Der Orden der Temora

Beitrag von Ian Vondran »

Über Erkenntnis, Einsicht, Liebe, Glaube und Einigkeit


I. Die Narben der Zeit

Viel Zeit ward vergangen, glorreiche Jahre verstrichen, die Narben der Zeit auch in den Reihen des Ordens sichtbar geworden. Es hatte sich einiges geändert. Der Ordensvater und sein Knappe, seine rechte Hand tratten einen beschwehrlichen Weg an, den der Erkenntnis, den der Demut und Einsamkeit, schmerzten sie doch zu sehr der Wandel im Land, die Heuchelei die sich unter dem Volk breit machte, die Unterjochung der Armen und Kranken. Folgsam und mit endloser Loyalität zogen sich die Brüder und Schwestern des Ordens zur stillen Andacht zurück um sich in endlosen Phrasen des Bittens und Betens zu verlieren.
Wahrlich, um den Orden stand es schlecht, zumindest hatte es den Anschein, tat doch jeder Ordensangehörige weiter seine Pflicht, wenn auch im Verborgenen.

Mühsam waren die Lehren die der Knappe von seinem Freund und Mentor empfing, mühsam und doch gaben sie ihm die nötige Kraft sich auf seinen Weg zu besinnen, auf seine verborgene Kraft, seinen eisernen Glauben, seine Liebe und Loyalität. Worte der Besonnenheit, des Wohlwollens empfingen die Kriegersohren in jenen Stunden; den Segen der Hoffnungsträgerin. Sollten ihn je Worte berührt haben, so waren es die Farions, die das Licht heller schienen ließen, dass Ian in sich trug.
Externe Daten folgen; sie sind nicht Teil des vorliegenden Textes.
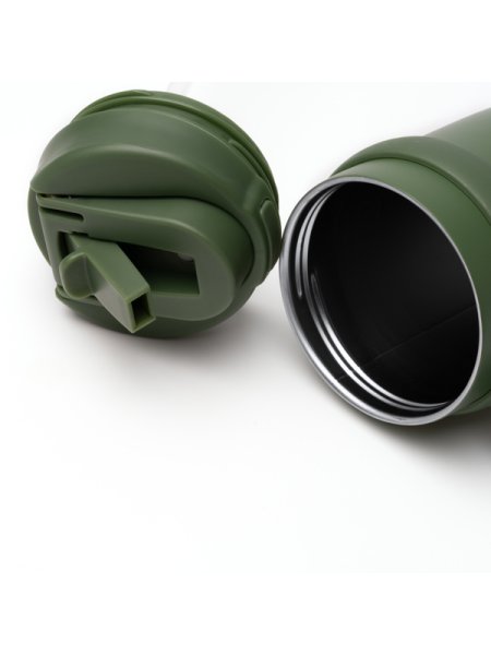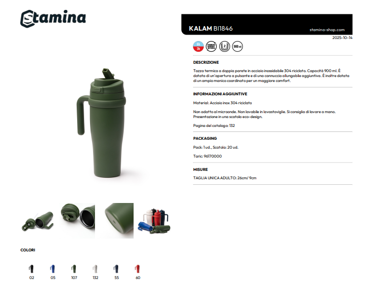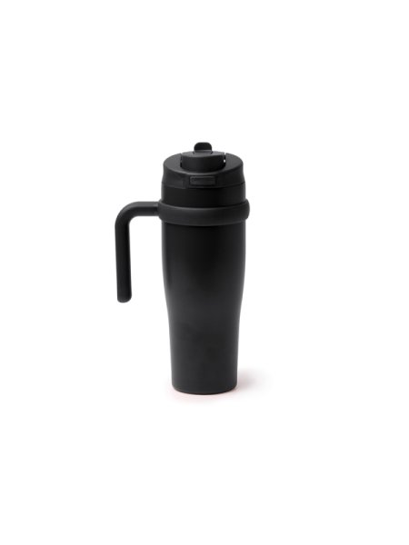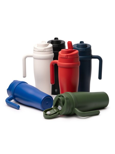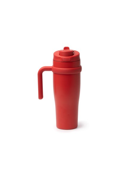 Tazza termica a doppia parete in acciaio inossidabile 304 riciclato. Capacità 900 ml. È dotata di un'apertura a pulsante e di una cannuccia allungabile aggiuntiva. È inoltre dotata di un ampio manico coordinato per un maggiore comfort.

Der Orden, die Brüder und Schwestern, mein Glaube, meine Liebe, meine Treue, dafür lebe ich mein ehrenwerter Bruder. Dafür sterbe ich. Reich deinem Knappen die Hand und führe fort, was du begonnen! Schenke den Brüdern und Schwestern Erlösung und lasse sie ihr Gebet beenden, lasse sie aufstehen von den kalten und harten Böden! Lasse uns gemeinsam wieder unseren Weg gehen, auf dass er geebneter sei den je ! Den Weg des Glaubens und der Liebe, den Weg der Tugenden und Einigkeit,
...den Weg des Ordens!
Ian Vondran

Beitrag von Ian Vondran »

II. Die Liebe von Bruder und Schwester


Längst ward die Normalität im Orden eingekehrt, nein viel mehr schien er so kraftvoll und einig wie nie. Elitär für jene die ihn nicht verstanden, ein Bund aus liebenden Dienern der Herrin für ein jenen der wenigen, der ihre Ansichten wahrhaft teilte und verstand. Es ging auch nicht darum verstanden zu werden und die Menschen dazu zu bekehren, sich der gütigen Herrin in all ihrer Demut zu verschreiben. Nein, viel mehr ging es darum in diesem Bund einen Teil beizutragen, mittels dieser Eingikeit und Güte etwas zu bewirken.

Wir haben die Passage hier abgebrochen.